_Dataset extract:_
━━━━

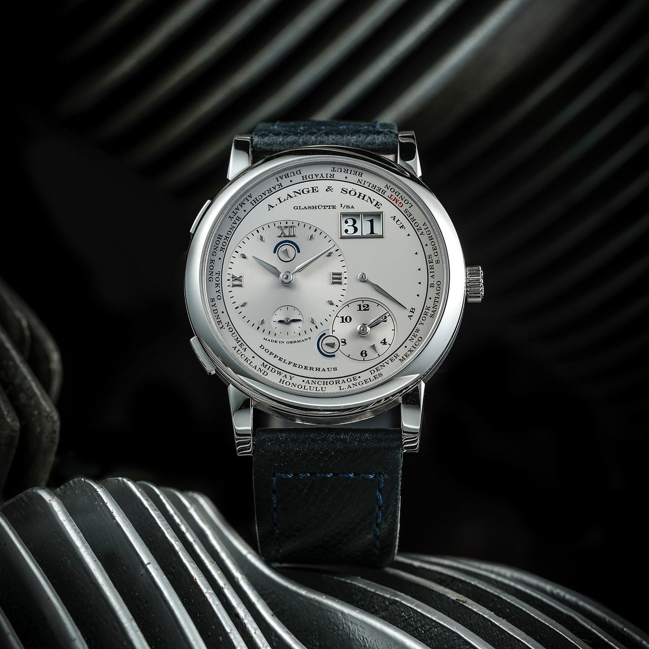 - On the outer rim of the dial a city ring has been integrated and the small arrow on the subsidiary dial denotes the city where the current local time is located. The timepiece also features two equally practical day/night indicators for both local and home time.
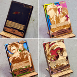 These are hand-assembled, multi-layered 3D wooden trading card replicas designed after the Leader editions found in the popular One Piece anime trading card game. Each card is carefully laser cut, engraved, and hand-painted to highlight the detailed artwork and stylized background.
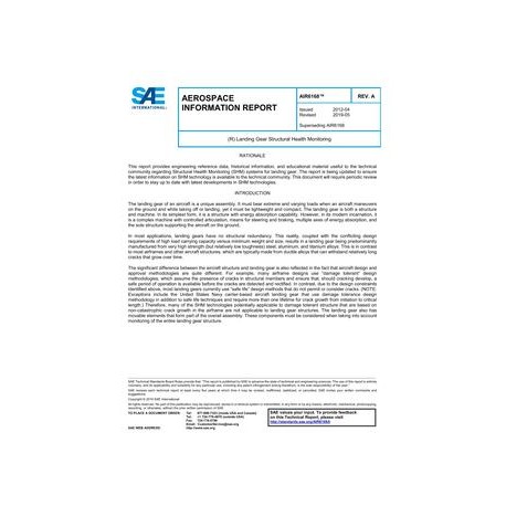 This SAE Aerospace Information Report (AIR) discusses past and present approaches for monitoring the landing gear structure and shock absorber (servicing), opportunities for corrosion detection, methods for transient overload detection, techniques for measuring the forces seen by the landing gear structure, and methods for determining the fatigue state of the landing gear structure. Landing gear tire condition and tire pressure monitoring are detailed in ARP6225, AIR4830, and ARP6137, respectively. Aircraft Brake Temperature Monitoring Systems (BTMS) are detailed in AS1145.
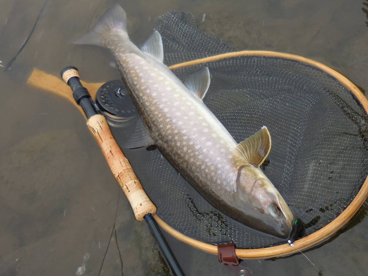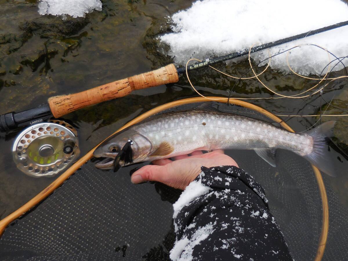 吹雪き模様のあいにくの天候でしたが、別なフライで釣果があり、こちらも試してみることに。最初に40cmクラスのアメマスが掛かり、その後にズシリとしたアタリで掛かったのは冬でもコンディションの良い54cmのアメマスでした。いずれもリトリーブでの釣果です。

━━━━

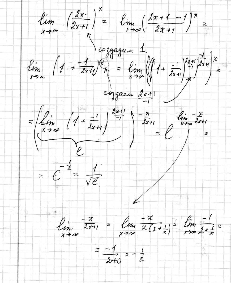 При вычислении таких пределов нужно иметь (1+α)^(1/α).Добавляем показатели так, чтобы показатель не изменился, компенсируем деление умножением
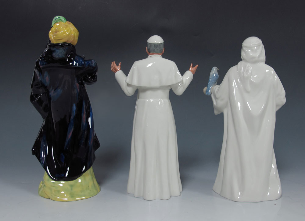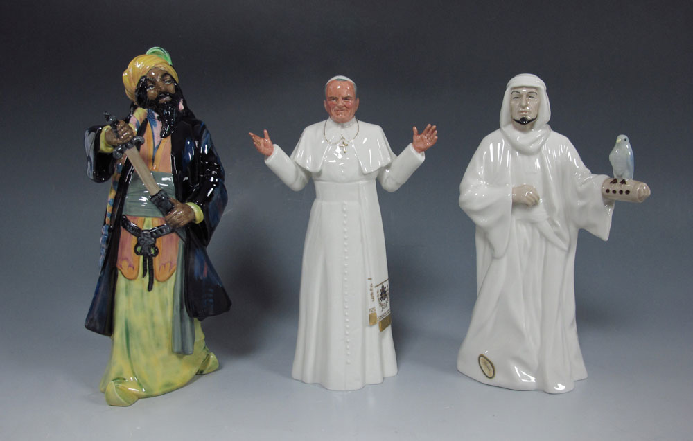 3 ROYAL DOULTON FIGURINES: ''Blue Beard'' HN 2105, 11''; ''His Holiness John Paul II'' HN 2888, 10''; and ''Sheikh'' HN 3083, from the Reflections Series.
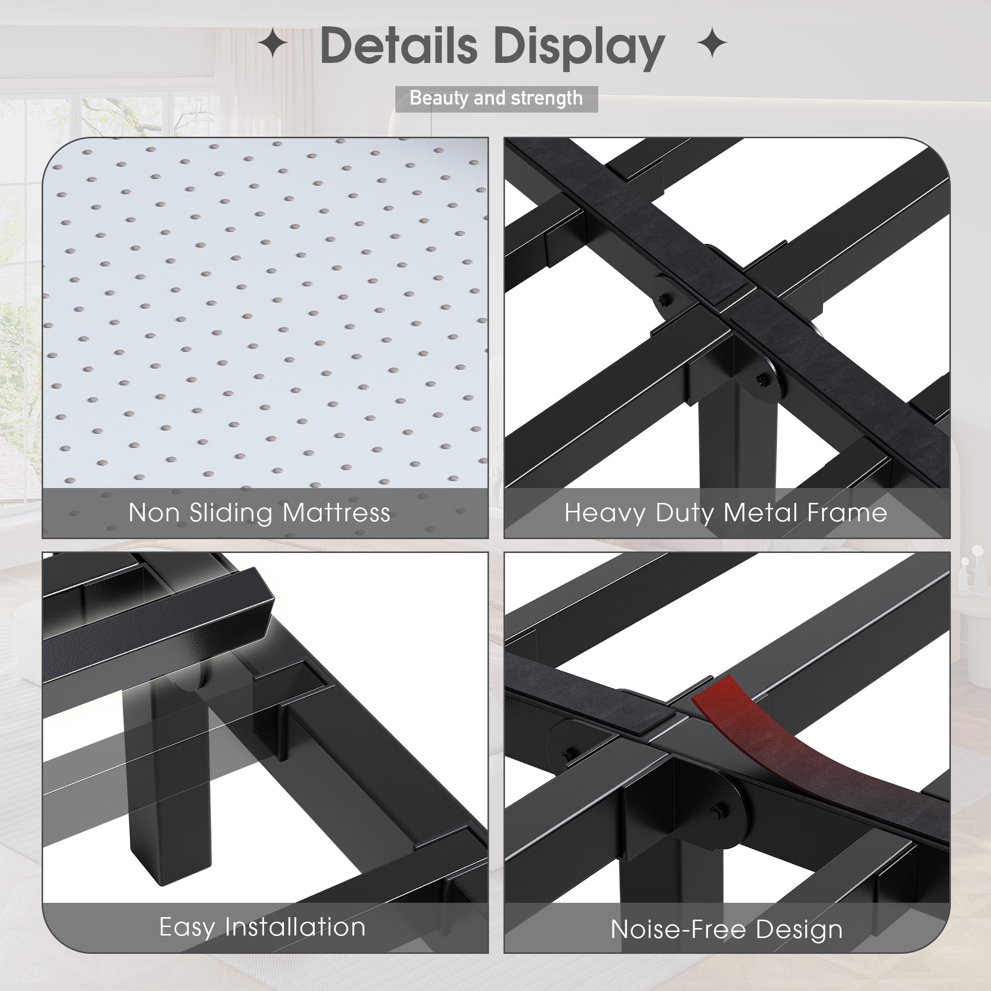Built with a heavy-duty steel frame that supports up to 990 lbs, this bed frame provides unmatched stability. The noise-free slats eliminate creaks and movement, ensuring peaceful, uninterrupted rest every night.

━━━━

_Problem to solve:_
Start at the line above containing "- On the outer" and stop at the line containing "吹雪き模様のあいにくの天候で": print those lines and everything between them exactly, but not the pictures.

_Task response:_
 - On the outer rim of the dial a city ring has been integrated and the small arrow on the subsidiary dial denotes the city where the current local time is located. The timepiece also features two equally practical day/night indicators for both local and home time.
 These are hand-assembled, multi-layered 3D wooden trading card replicas designed after the Leader editions found in the popular One Piece anime trading card game. Each card is carefully laser cut, engraved, and hand-painted to highlight the detailed artwork and stylized background.
 This SAE Aerospace Information Report (AIR) discusses past and present approaches for monitoring the landing gear structure and shock absorber (servicing), opportunities for corrosion detection, methods for transient overload detection, techniques for measuring the forces seen by the landing gear structure, and methods for determining the fatigue state of the landing gear structure. Landing gear tire condition and tire pressure monitoring are detailed in ARP6225, AIR4830, and ARP6137, respectively. Aircraft Brake Temperature Monitoring Systems (BTMS) are detailed in AS1145.
 吹雪き模様のあいにくの天候でしたが、別なフライで釣果があり、こちらも試してみることに。最初に40cmクラスのアメマスが掛かり、その後にズシリとしたアタリで掛かったのは冬でもコンディションの良い54cmのアメマスでした。いずれもリトリーブでの釣果です。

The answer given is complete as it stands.